剣の軍団が影の領域に飛び込めば、影の軍勢がその全てをもって相手を駆逐し、影の軍勢が剣の世界に土足で踏み込めば剣の軍団が悉くを殲滅させる。
時折痺れを切らせたように
「吹っ飛べ!猛り狂う雷神の鉄槌(ヴァジュラ)!」
士郎が宝具を解放、宝具の一団が影の軍勢を薙ぎ払い本丸を落そうとするが
「防げ!」
『影』の一言で現れる英霊部隊が悉くを薙ぎ払い防衛する。
また逆に
「駆逐せよ!」
『影』の号令と共に行われる英霊部隊の突撃は無尽蔵の剣の盾に動きを一端止められ、その隙を突く様に
「交差する絶望と希望分かつ運命の裁断(スパイラル・フェイト・ブリンガー)!」
光と闇の螺旋が何もかも消し去っていく。
お互いに決め手を完全に欠いた死闘はまさしく千日手の様相を見せつつあった。
しかし、それは意外にも終わりを迎えようとしていた。
『剣の王国(キングダム・オブ・ブレイド)』、『影の帝国(シャーテン・ライヒ)』双方とも同じ固有世界。

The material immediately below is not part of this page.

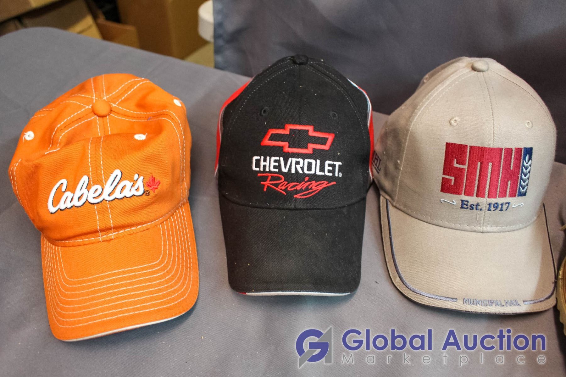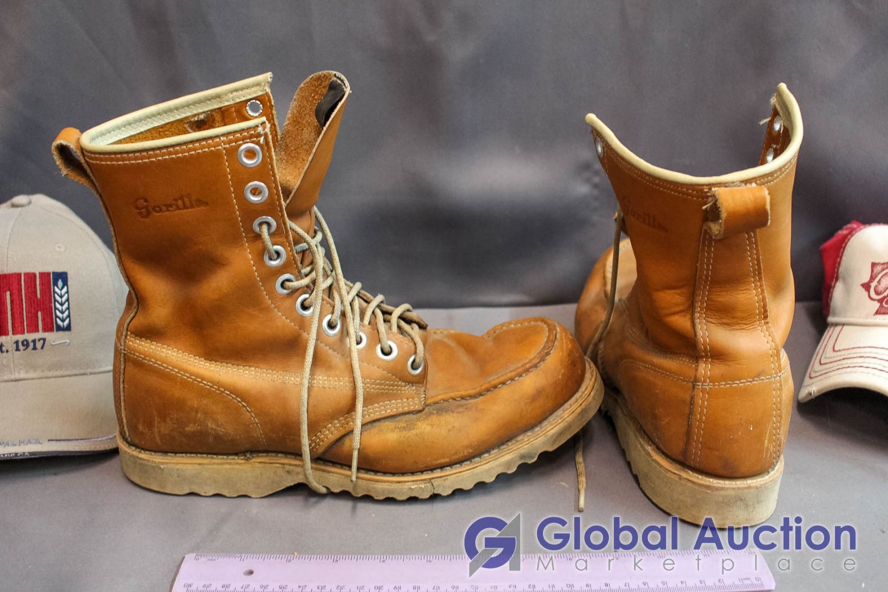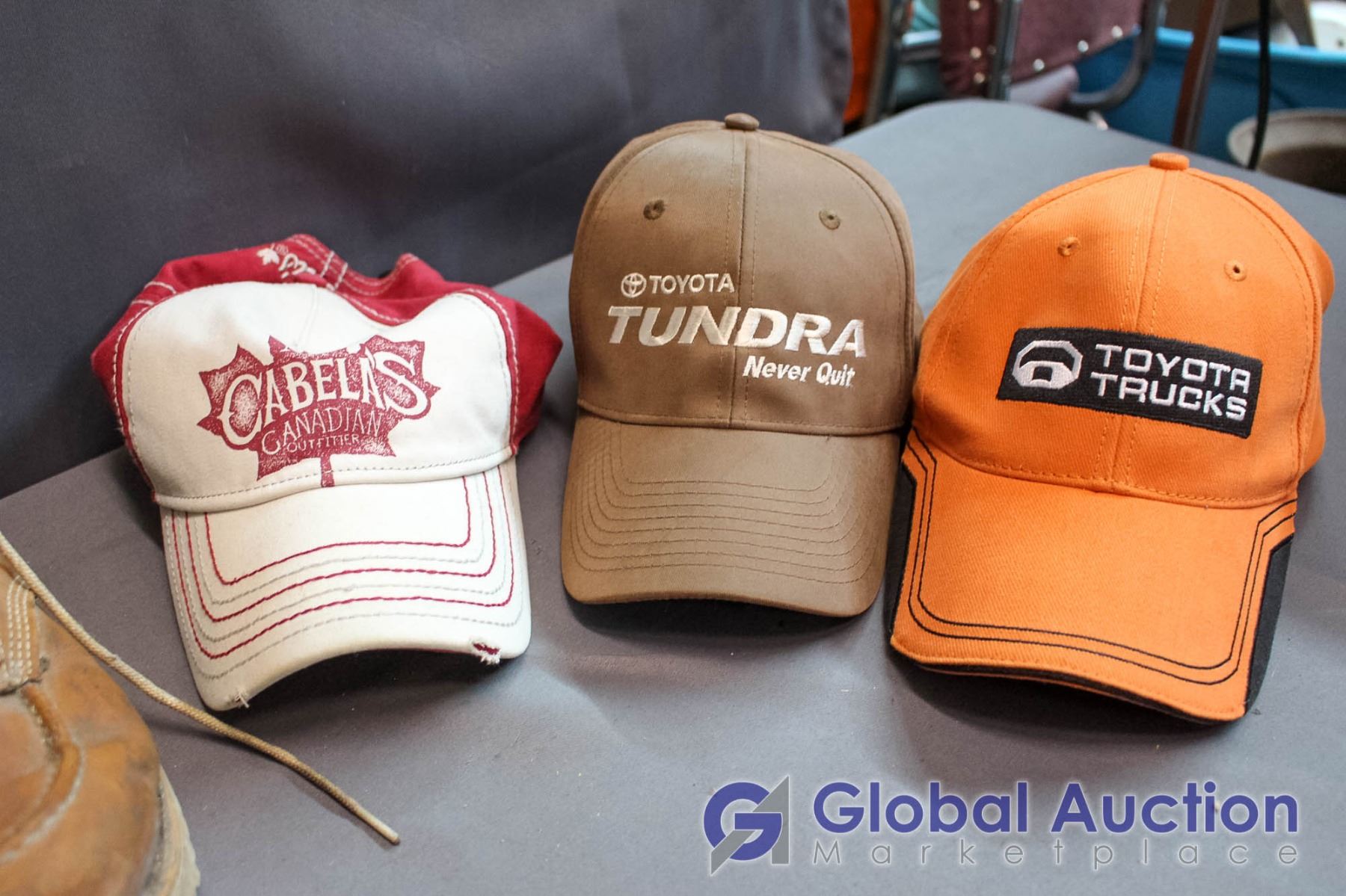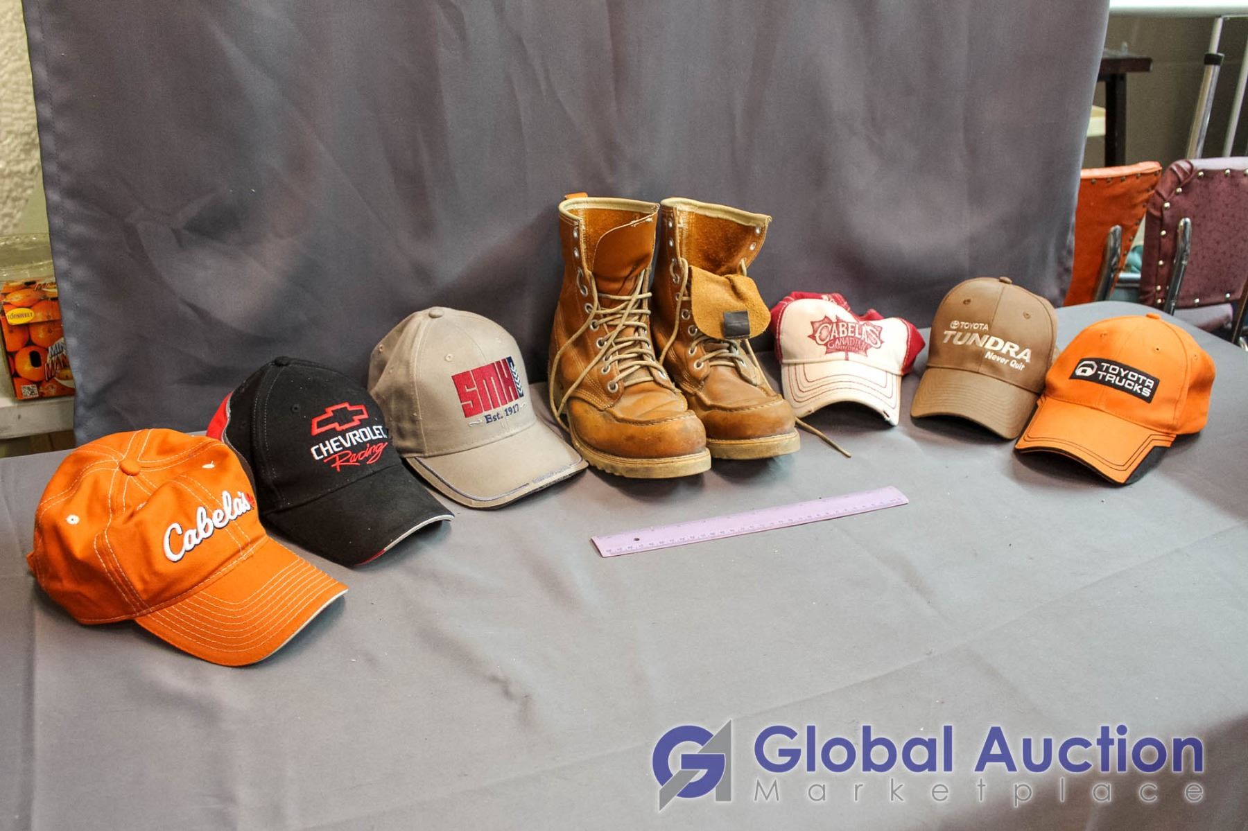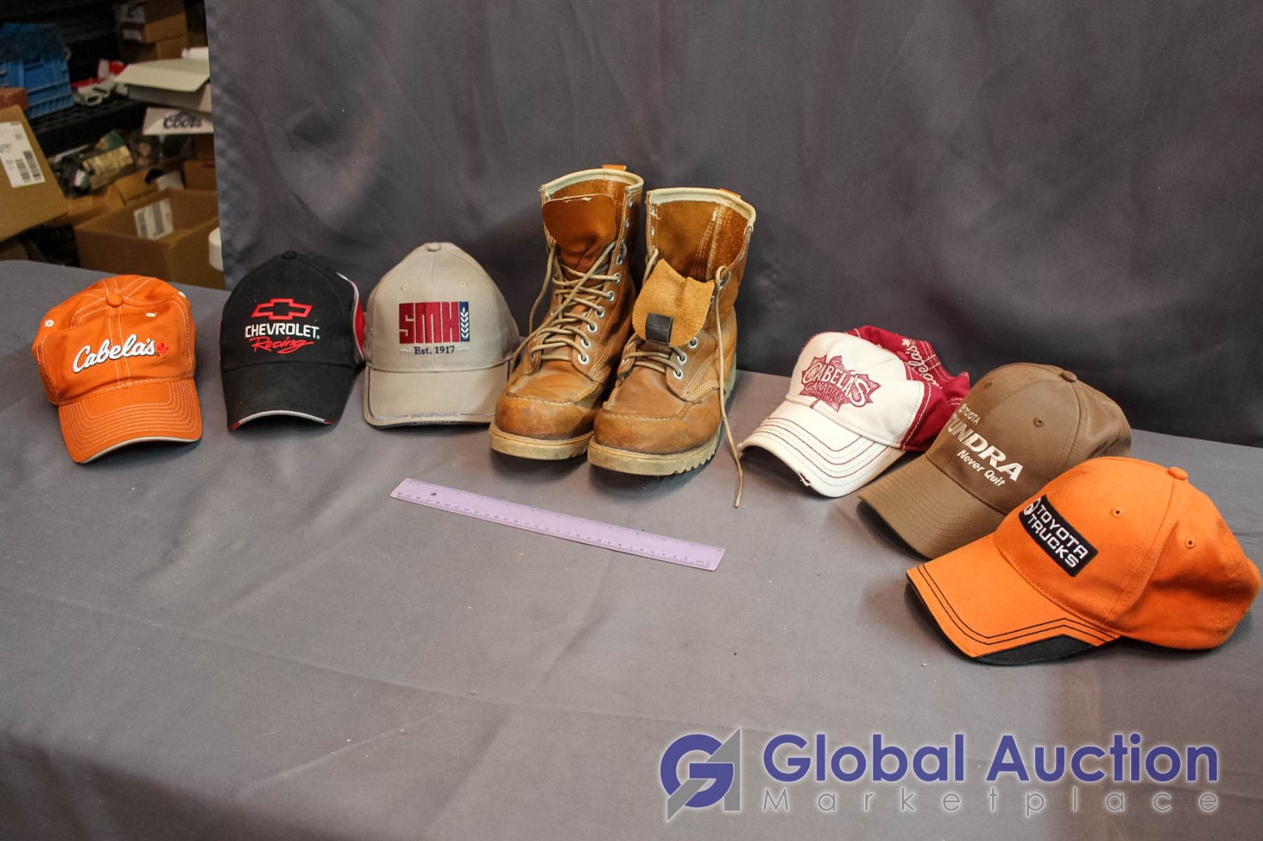 Mens Size 10 Work Boots and Collection of Hats (6 - Cabelas, Toyota, Chevrolet, etc)

その能力も影と剣違いはあるが不特定多数の連続招聘、全く同じものだが、一つだけ違いがあった。
それは持ち主の技量。
当然だが『影』が未熟なのではない。
億を超える影の軍勢を従え操るその手腕は超一流、そう呼ばれるにふさわしい。
しかし、それに相対する士郎もまた億を超える剣の軍団を従え共に行く。
その腕前もまた超一流。
しかし士郎と『影』、この二人の間には一つだけ大きな差があった。
それは
「猛り狂う雷神の鉄槌(ヴァジュラ)!大神宣言(グングニル)!」
宝具の使用の練熟度。
あらゆる並行世界を歩き、その手腕を鍛え上げ、己の信ずる道を突き進み続けたその手腕はまさしく鋼の如く。
決して『影』のそれは士郎に劣っている訳ではない。
しかし、影を操るだけの手腕と剣を操るに加えて宝具をも自在に使いこなす二つの手腕、それがぶつかった時どちらが有利になるかと言えば間違いなく後者である事は疑うよりもない。

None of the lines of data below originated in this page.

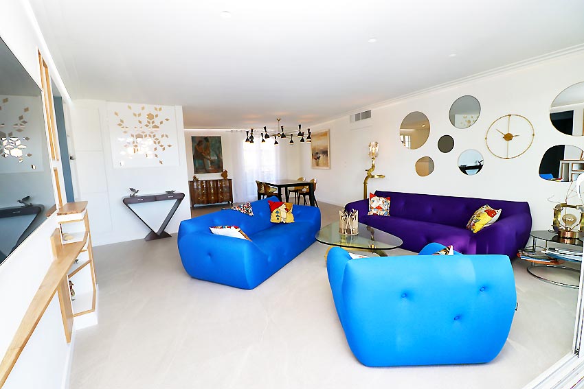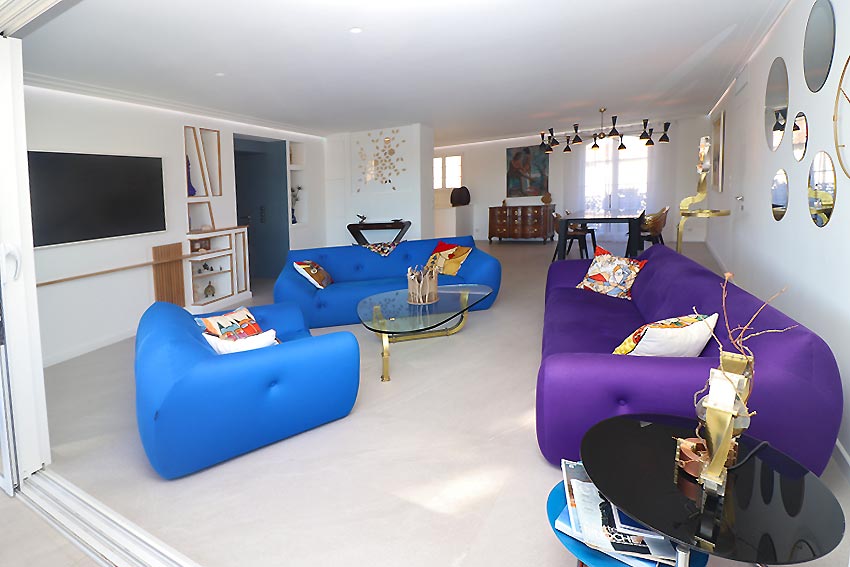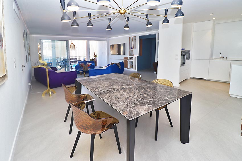 - un grand séjour avec espace salon et espace salle à manger, ouvrant sur une loggia ouverte avec une belle vue sur les canaux
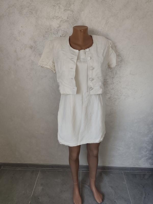 Платье с пиджаком ткань по типу лен на подкладке размер 38 Грудь от шва до шва 42 Талия-38 Бедра-46 Длина-80 Пиджак длина 42 комку 44
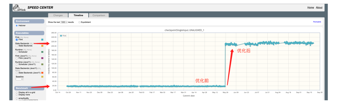 社区早期为 Checkpoint 设计了 Benchmark 用来评估 Checkpoint 的性能,如下图所示,该优化 merge 到 Flink master 分支后 UC 的性能提升了 11 倍[12] 。
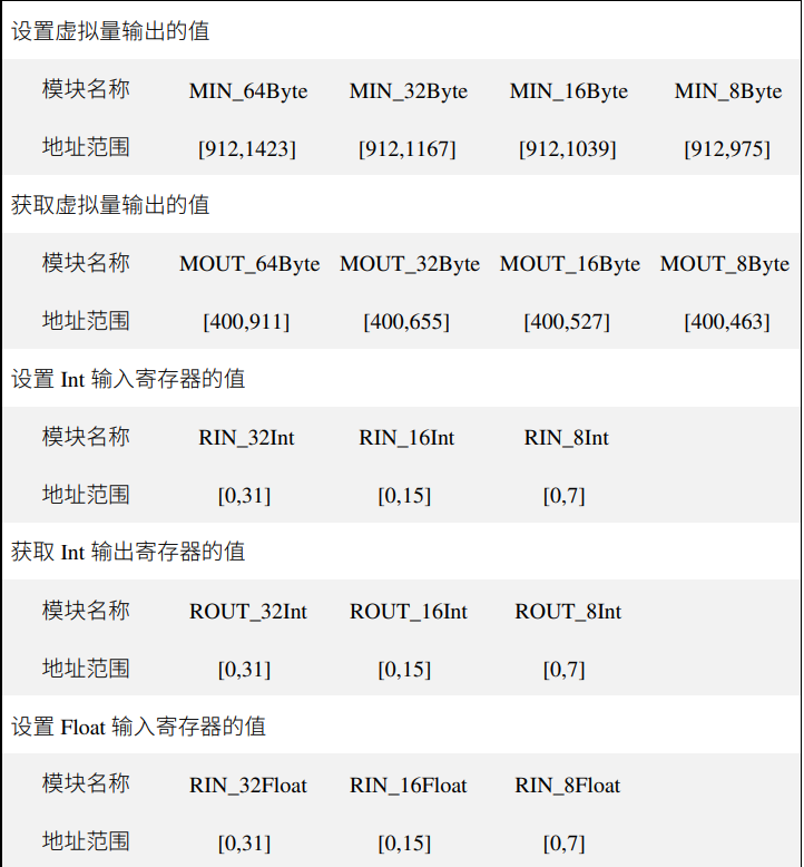 模塊功能及對應的控制器的 M 變量或 profinet 寄存器的地址范圍具體如下:

それを現すように境界線こそ中央のままだが、影が剣を攻め立てるよりも剣が影を攻める回数と時間が多くなっていようとしていた。
それは『影』も察しているのだろう、その表情には焦りの色が見え隠れしている。
これで士郎が油断なり慢心をすれば『影』にも勝機があるだろうが、ある意味合わせ鏡にも等しい二人だからこそ分かる。

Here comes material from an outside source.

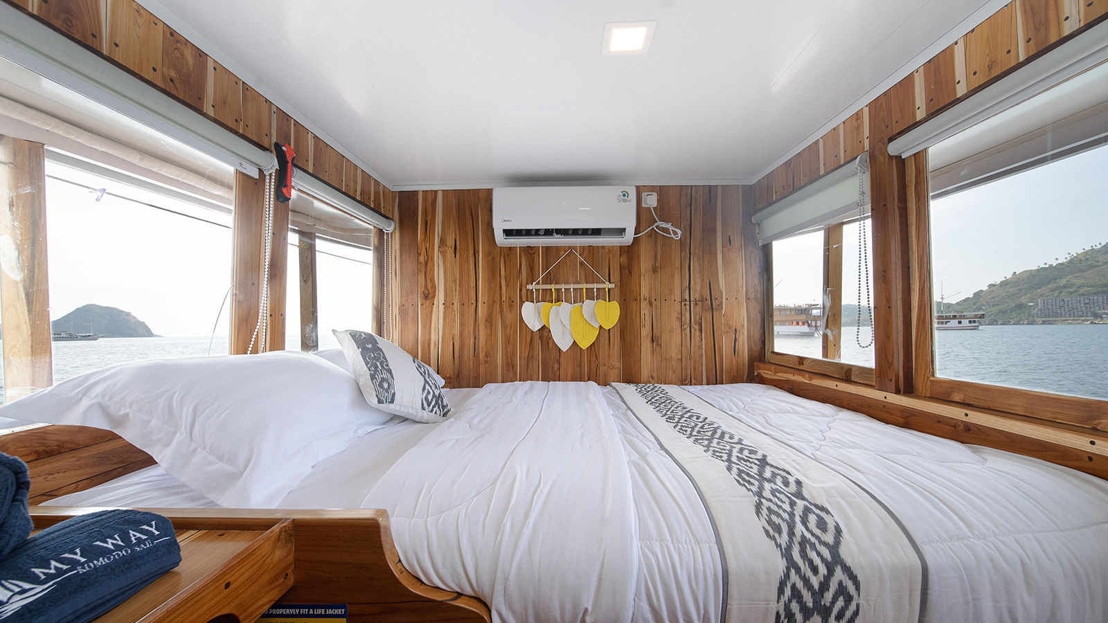 My Way Komodo Sail has 4 cabins, all of which have access for you to enjoy the ocean view from inside the cabin. 1 master cabin with balcony is on the upper deck, and 3 other guest cabins are on the main deck. All cabins have an en suite bathroom with toiletries (soap and shampoo) and hot water, air conditioning, and provide bed linen, towels, and a safety boxes in each cabin.
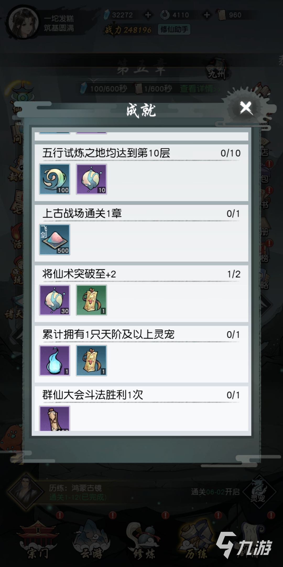 成就這里是比較好完成的,一般只要解鎖了試煉之地就能夠獲得五靈精華,玩家達(dá)到試煉的第五層和第十層的時(shí)候,分別能得到10個(gè)五靈精華,除此之外,將仙術(shù)突破到兩級(jí)同樣也能獲得三十個(gè)五靈精華。

お互いにそのようなものとは無縁の極まりである事など。
だからこそ耐える。
時が来るまで、あそこに着くまで。
剣軍を次々と影の領域に侵攻させ、宝具を十単位で真名解放し、休ませる事無く次から次へと叩き込み続ける。
第三者から見ればやり過ぎと見えなくもないだろう。
しかし当事者、特に攻めている士郎からしてみればこれでも不足していると肌で感じ取っていた。
士郎自身も信じがたい思いだったが、それでも士郎は自分の直感を信じた。
と言うよりも目の前の敵を信じたと言えるかもしれない。
奇妙な言い回しだが己の直感よりもそれを信じる方がまだ現実的だと感じたからだ。
そんな思考とは裏腹についに剣軍は『影の帝国(シャーテン・ライヒ)』の砦の数々を陥落させ、徐々に少しずつ押しているはず。
なのに不安は消えない。
むしろさらに大きく膨れ上がる。
そして『影』は遂に『影の帝国(シャーテン・ライヒ)』の最深部、影の居城にまで追い込まれた。
『影』を助けようと砦から影の軍勢が出てこようとするがそれを剣軍が出てくる前に叩き潰して出すことを許さない。
勝負は遂にあったかに思えた。
しかし、士郎ははっきりと見えていた。
この状況下でも尚、笑う『影』の姿を。
『影』が笑う理由、それは追い込まれた場所がここだったからだ。
もしも追い詰められた場所が違っていれば彼は全てを諦めざる負えない筈だった。
彼が真に切り札に頼むもの、それの使用には複数の条件をクリヤする必要があった。
まずは固有世界を展開する事、そして一定時間を展開し続ける事。
最後にこれが一番重要な事であるがこれを展開、さらに使用出来る場所は極めて限られ居城、それも正門の周囲数メートルのポイントだけ。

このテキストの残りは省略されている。